Trabajo is the noun, "a/the work", and you can see that that's what's used here by the article un in front of it.
Trabajo is also the present-tense yo conjugation of the verb trabajar and means "I work". Trabaja is the él/ella/usted conjugation and translates as "he/she/it works" or "you work".
If you make a noun-adjective construction is Spanish, thoe two words tend to stick together. So "trabajo difícil" will always be taken to mean "difficult job".
"She makes a job difficult" can be expressed as "Ella hace difícil un trabajo."
She makes a job difficult.. would be another translation of the word hace.. because hace can mean makes...so im guessing here what hace can really mean..
It's not so much about what hace means, but what "un trabajo difícil" means. Adjectives tend to stick to the nouns right before, so "un trabajo difícil" tends to only be interpreted as "a difficult job".
I believe (American English from Iowa/Nebraska/Kansas/Missouri) you can do a good job or a bad job. Also, you can have easy work or difficult work.
It is awkward to say "she does a difficult job" and to an extent, it implies that she makes her work difficult when it doesn't need to be difficult.
I find this a very awkward translation that doesn't sound correct in American English.
She has not a regular job. But she always works hard. Actually she does a super hard work at home.
Job, I understand as , "A paid position of regular employment." While "work", is a shore, a task, an activity involving mental or physical effort done in order to achieve a purpose or result. So I would choose: "She does a difficult work".
My problem was HEARING this sentence properly. Listen to the man speaking this sentence (not the woman above). He REALLY elides "Ella hace" to sound like "Ella se" and I struggled to translate this (without looking at the words). Anyone else have this problem, or have suggestions on how to improve my ear?
The sound is often poor.

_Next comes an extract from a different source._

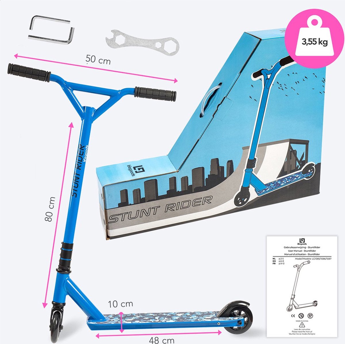 De LifeGoods StuntRider is een stuntstep ontworpen voor kinderen en tieners die willen oefenen met tricks en springen. Het is een compacte, relatief lichte stuntstep met een versterkt deck dat 360° kan draaien, een Y-vormig stuur en 100 mm PU-wielen met ABEC 7-lagers. Kort gezegd: een instap- tot middenklasse stuntstep voor recreatief stuntgebruik.

It is machine speech sourced from an outside company. So I doubt it will get better in the foreseeable future. To an extent the speech reflects real Spanish (soft d sounds, words running together, fading terminal s's). But the quality is sometimes not sufficient. We have to live with it.
Well, at least in American Spanish, the phrase "ella hace" is supposed to sound like "ellase". The letter 'h' is not pronounced, so you just have two 'a' sounds merging, and that's not pronounced any differently than a single 'a'.
'She has a hard job'..just doesn't sound right. 'She does hard work' is better.
You don't DO a difficult JOB, you DO a difficult WORK ! I can understand that the English translator, indeed HAS A DIFFICULT JOB
Maybe in the US (I don't know), but in the UK, you certainly "do a difficult job" and don't "do a difficult work". (You might, however, "do difficult work".)